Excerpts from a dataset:
++++++++++

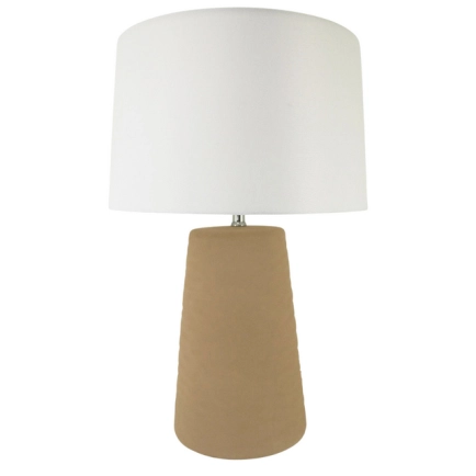 The Kima table lamp features a large tan/orange organic textured base topped with a white fabric shade. It’s add a large, interesting lighting feature to a bedroom or living area of the home. THIS PRODUCT IS NOT AVAILABLE FOR SHIPPING DUE TO HIGH RISK OF DAMAGE TO THE SHADE. IN-STORE ONLY PURCHASE.
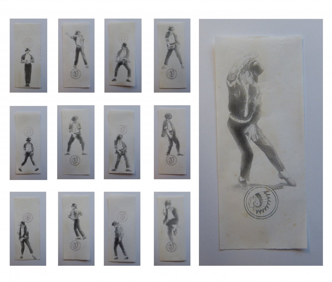 Me he inspirado en una escena de baile de Michael Jackson con el deseo de lograr representar sus gestos en cada movimiento y a su vez pretendo hacer de cada dibujo un retrato diferente, recreada en pequeños formatos con la intención de generar una sensación de fotogramas proyectándola a un futuro vídeo animado.
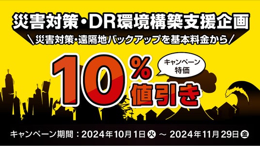 クラウドストレージで更なるドキュメント活用を推進する株式会社ダイレクトクラウド(本社:東京都港区、代表取締役:安 貞善、以下ダイレクトクラウド)は、法人向けクラウドストレージ「DirectCloud」で提供している災害対策・遠隔地バックアップのオプション機能をDirectCloudご契約企業様及び新規ご契約いただいた企業様を対象に2024年10月1日~11月29日の間にお申込みをしていただくと、最大12ヶ月間※1災害対策・遠隔地バックアップを10%引きでご提供いたします。
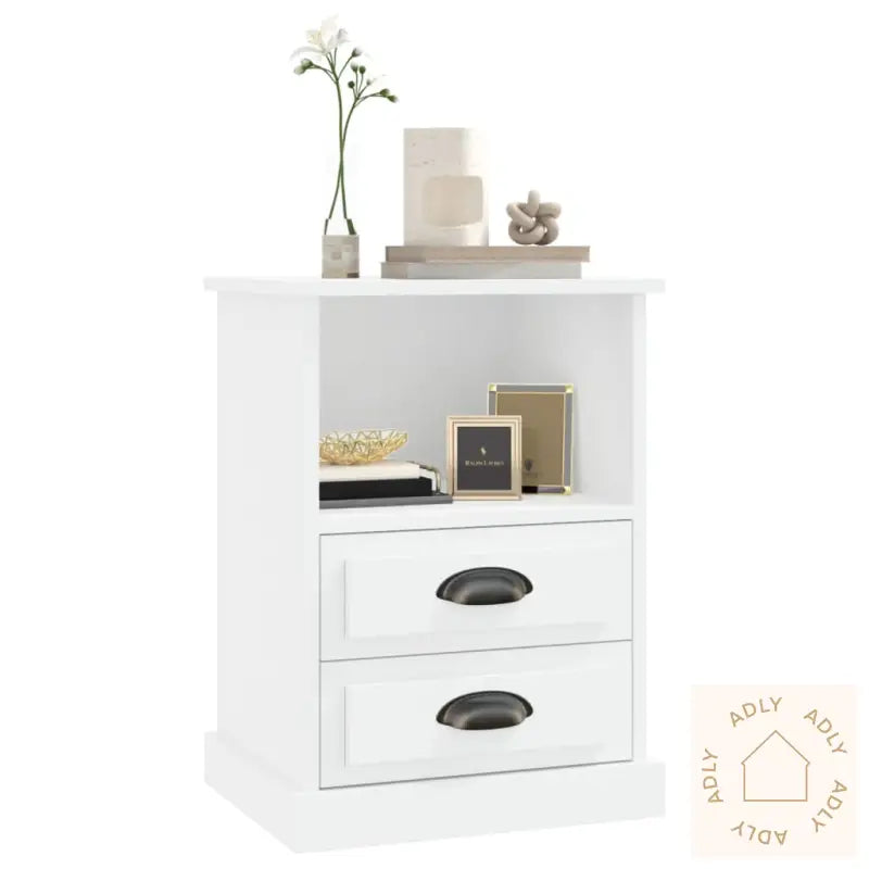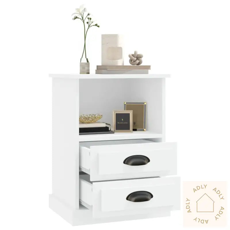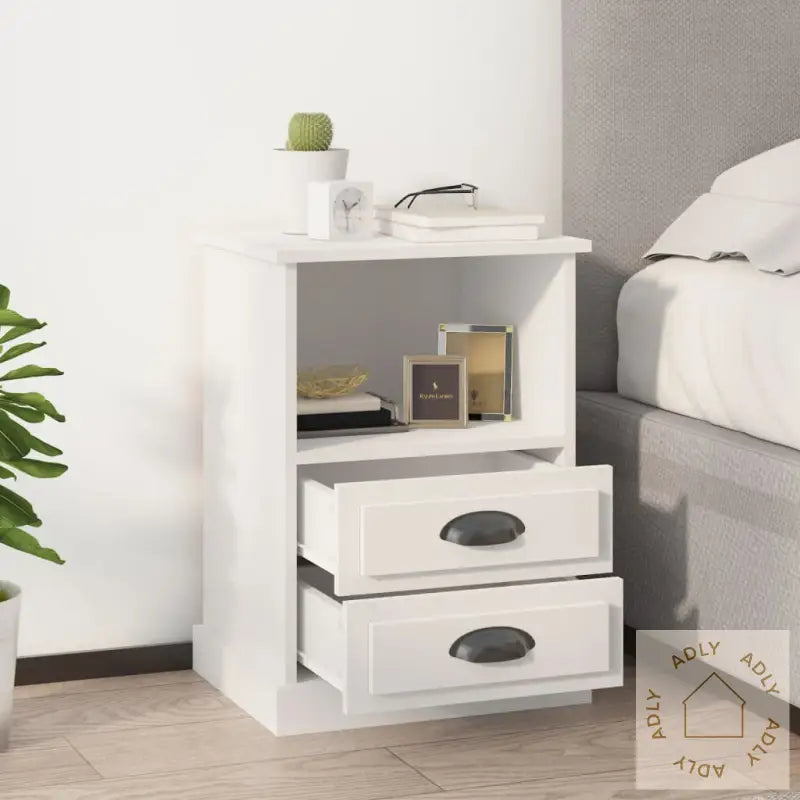 Slitesterkt materiale: Nattbordene er laget av høykvalitets konstruert treverk. Overflaten er glatt og lett å rengjøre, mens materialet gir både styrke, stabilitet og god motstand mot fukt. Dette sikrer at du får varige møbler som tåler daglig bruk, enten soverommet ditt trenger noe robust eller du vil style rommet ditt på en praktisk måte.Romslig oppbevaring: Med 2 skuffer og 1 åpnet rom får du god plass til å oppbevare alt fra bøker og briller til elektronikk og småting – alltid organisert og lett tilgjengelig, slik at du slipper unødvendig rot på soverommet.Stabil og allsidig bordplate: Topplaten fungerer flott til å vise frem favorittdekor, bilder eller grønne planter. Det bidrar til å gjøre rommet mer personlig samtidig som det gir ekstra plass til ting du ønsker å ha i nærheten av senga.Advarsel:
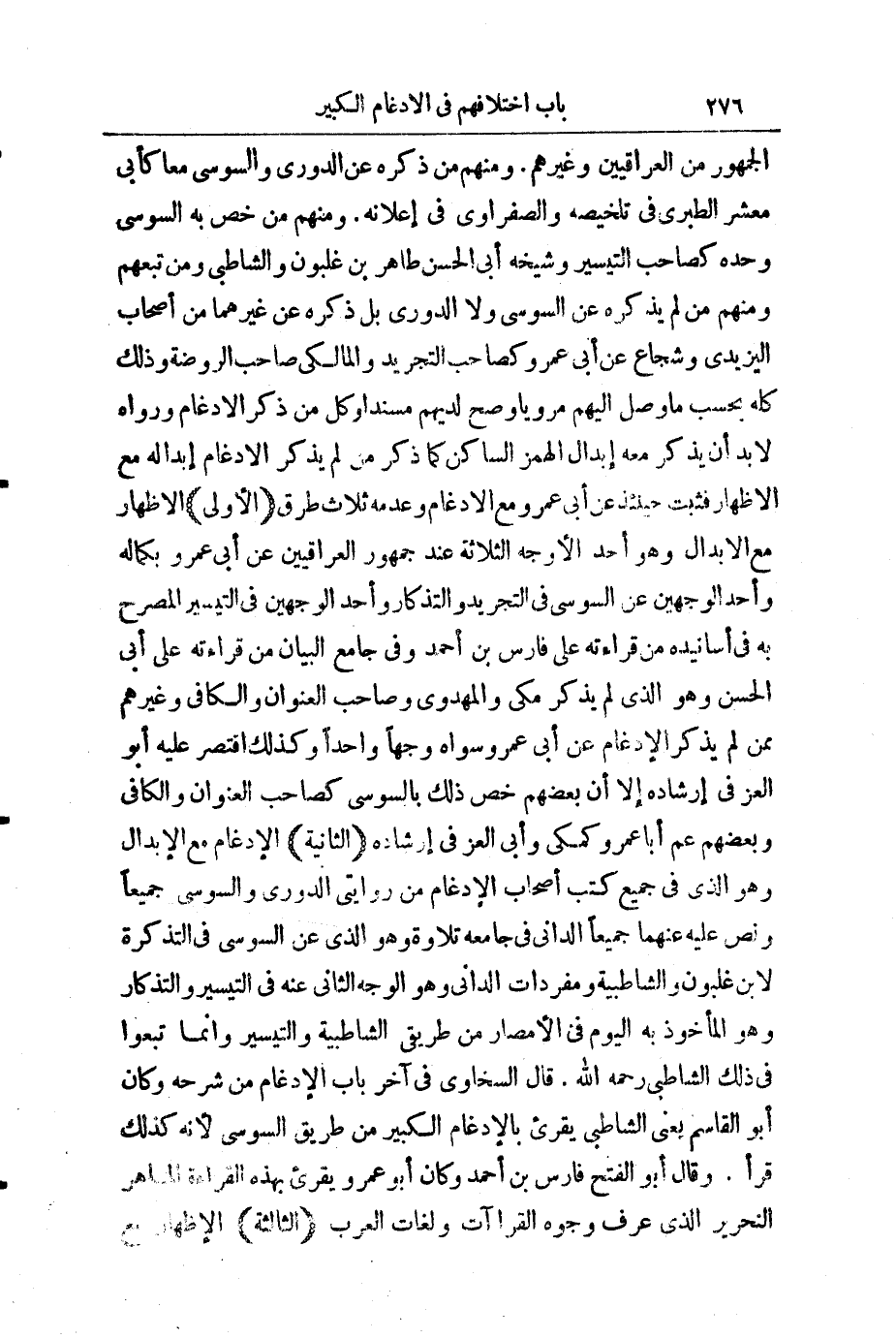 الْجُمْهُورُ مِنَ الْعِرَاقِيِّينَ وَغَيْرِهِمْ، وَمِنْهُمْ مَنْ ذَكَرَهُ عَنِ الدُّورِيِّ وَالسُّوسِيِّ مَعًا كَأَبِي مَعْشَرٍ الطَّبَرِيِّ فِي تَلْخِيصِهِ، وَالصَّفْرَاوِيِّ فِي إِعْلَانِهِ، وَمِنْهُمْ مَنْ خَصَّ بِهِ السُّوسِيَّ وَحْدَهُ كَصَاحِبِ " التَّيْسِيرِ "، وَشَيْخِهِ أَبِي الْحَسَنِ طَاهِرِ بْنِ غَلْبُونَ، وَالشَّاطِبِيِّ، وَمَنْ تَبِعَهُمْ، وَمِنْهُمْ مَنْ لَمْ يَذْكُرْهُ عَنِ السُّوسِيِّ، وَلَا الدُّورِيِّ، بَلْ ذَكَرَهُ عَنْ غَيْرِهِمَا مِنْ أَصْحَابِ الْيَزِيدِيِّ وَشُجَاعٍ، عَنْ أَبِي عَمْرٍو كَصَاحِبِ " التَّجْرِيدِ " وَالْمَالِكِيِّ صَاحِبِ " الرَّوْضَةِ "، وَذَلِكَ كُلُّهُ بِحَسَبِ مَا وَصَلَ إِلَيْهِمْ مَرْوِيًّا، وَصَحَّ لَدَيْهِمْ مُسْنَدًا، وَكُلُّ مَنْ ذَكَرَ الْإِدْغَامَ وَرَوَاهُ لَا بُدَّ أَنْ يَذْكُرَ مَعَهُ إِبْدَالَ الْهَمْزِ السَّاكِنِ كَمَا ذَكَرَ مَنْ لَمْ يَذْكُرِ الْإِدْغَامَ إِبْدَالَهُ مَعَ الْإِظْهَارِ، فَثَبَتَ حِينَئِذٍ عَنْ أَبِي عَمْرٍو مَعَ الْإِدْغَامِ وَعَدَمِهِ ثَلَاثُ طُرُقٍ (الْأُولَى) الْإِظْهَارُ مَعَ الْإِبْدَالِ، وَهُوَ أَحَدُ الْأَوْجُهِ الثَّلَاثَةِ عِنْدَ جُمْهُورِ الْعِرَاقِيِّينَ، عَنْ أَبِي عَمْرٍو بِكَمَالِهِ، وَأَحَدُ الْوَجْهَيْنِ عَنِ السُّوسِيِّ فِي " التَّجْرِيدِ " " وَالتَّذْكَارِ " وَأَحَدُ الْوَجْهَيْنِ فِي " التَّيْسِيرِ " الْمُصَرَّحِ بِهِ فِي أَسَانِيدِهِ مِنْ قِرَاءَتِهِ عَلَى فَارِسِ بْنِ أَحْمَدَ وَفِي " جَامِعِ الْبَيَانِ " مِنْ قِرَاءَتِهِ عَلَى أَبِي الْحَسَنِ، وَهُوَ الَّذِي لَمْ يَذْكُرْ مَكِّيٌّ وَالْمَهْدَوِيُّ وَصَاحِبُ " الْعُنْوَانِ " وَ " الْكَافِي "، وَغَيْرُهُمْ مِمَّنْ لَمْ يَذْكُرِ الْإِدْغَامَ عَنْ أَبِي عَمْرٍو سِوَاهُ وَجْهًا وَاحِدًا، وَكَذَلِكَ اقْتَصَرَ عَلَيْهِ أَبُو الْعِزِّ فِي إِرْشَادِهِ، إِلَّا أَنَّ بَعْضَهُمْ خَصَّ ذَلِكَ بِالسُّوسِيِّ كَصَاحِبِ " الْعُنْوَانِ " وَ " الْكَافِي " وَبَعْضَهُمْ عَمَّ أَبَا عَمْرٍو كَمَكِّيٍّ وَأَبِي الْعِزِّ فِي إِرْشَادِهِ (الثَّانِيَةُ) الْإِدْغَامُ مَعَ الْإِبْدَالِ، وَهُوَ الَّذِي فِي جَمِيعِ كُتُبِ أَصْحَابِ الْإِدْغَامِ مِنْ رِوَايَتَيِ الدُّورِيِّ، وَالسُّوسِيِّ جَمِيعًا، وَنَصَّ عَلَيْهِ عَنْهُمَا جَمِيعًا الدَّانِيُّ فِي جَامِعِهِ تِلَاوَةً، وَهُوَ الَّذِي عَنِ السُّوسِيِّ فِي " التَّذْكِرَةِ " لِابْنِ غَلْبُونَ وَ " الشَّاطِبِيَّةِ " وَمُفْرَدَاتِ الدَّانِيِّ، وَهُوَ الْوَجْهُ الثَّانِي عَنْهُ فِي " التَّيْسِيرِ " وَ " التَّذْكَارُ "، وَهُوَ الْمَأْخُوذُ بِهِ الْيَوْمَ فِي الْأَمْصَارِ مِنْ طَرِيقِ " الشَّاطِبِيَّةِ " " وَالتَّيْسِيرِ "، وَإِنَّمَا تَبِعُوا فِي ذَلِكَ الشَّاطِبِيَّ، رَحِمَهُ اللَّهُ.
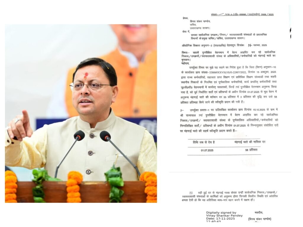देहरादून। मुख्यमंत्री पुष्कर सिंह धामी के नेतृत्व में राज्य सरकार ने कर्मचारियों को बड़ी राहत देते हुए महंगाई भत्ते (DA) में 3 प्रतिशत की वृद्धि को मंजूरी दे दी है। धामी सरकार लगातार कर्मचारियों के हितों के प्रति गंभीर रही है, और उसी क्रम में सातवें पुनरीक्षित वेतनमान में वेतन आहरित कर रहे सार्वजनिक निकायों, उपक्रमों व स्वायत्तशासी संस्थाओं के अधिकारियों–कर्मचारियों के लिए DA को 55% से बढ़ाकर 58% किए जाने का निर्णय लिया गया है। नई दरें 1 जुलाई 2025 से लागू होंगी।

++++++++++

#### [Action item]
Instructions for the copy: start at the first entry, stop after the line containing "Me he inspirado", keep every line exact, and drop the pictures.

#### [Output of the exercise]
 The Kima table lamp features a large tan/orange organic textured base topped with a white fabric shade. It’s add a large, interesting lighting feature to a bedroom or living area of the home. THIS PRODUCT IS NOT AVAILABLE FOR SHIPPING DUE TO HIGH RISK OF DAMAGE TO THE SHADE. IN-STORE ONLY PURCHASE.
 Me he inspirado en una escena de baile de Michael Jackson con el deseo de lograr representar sus gestos en cada movimiento y a su vez pretendo hacer de cada dibujo un retrato diferente, recreada en pequeños formatos con la intención de generar una sensación de fotogramas proyectándola a un futuro vídeo animado.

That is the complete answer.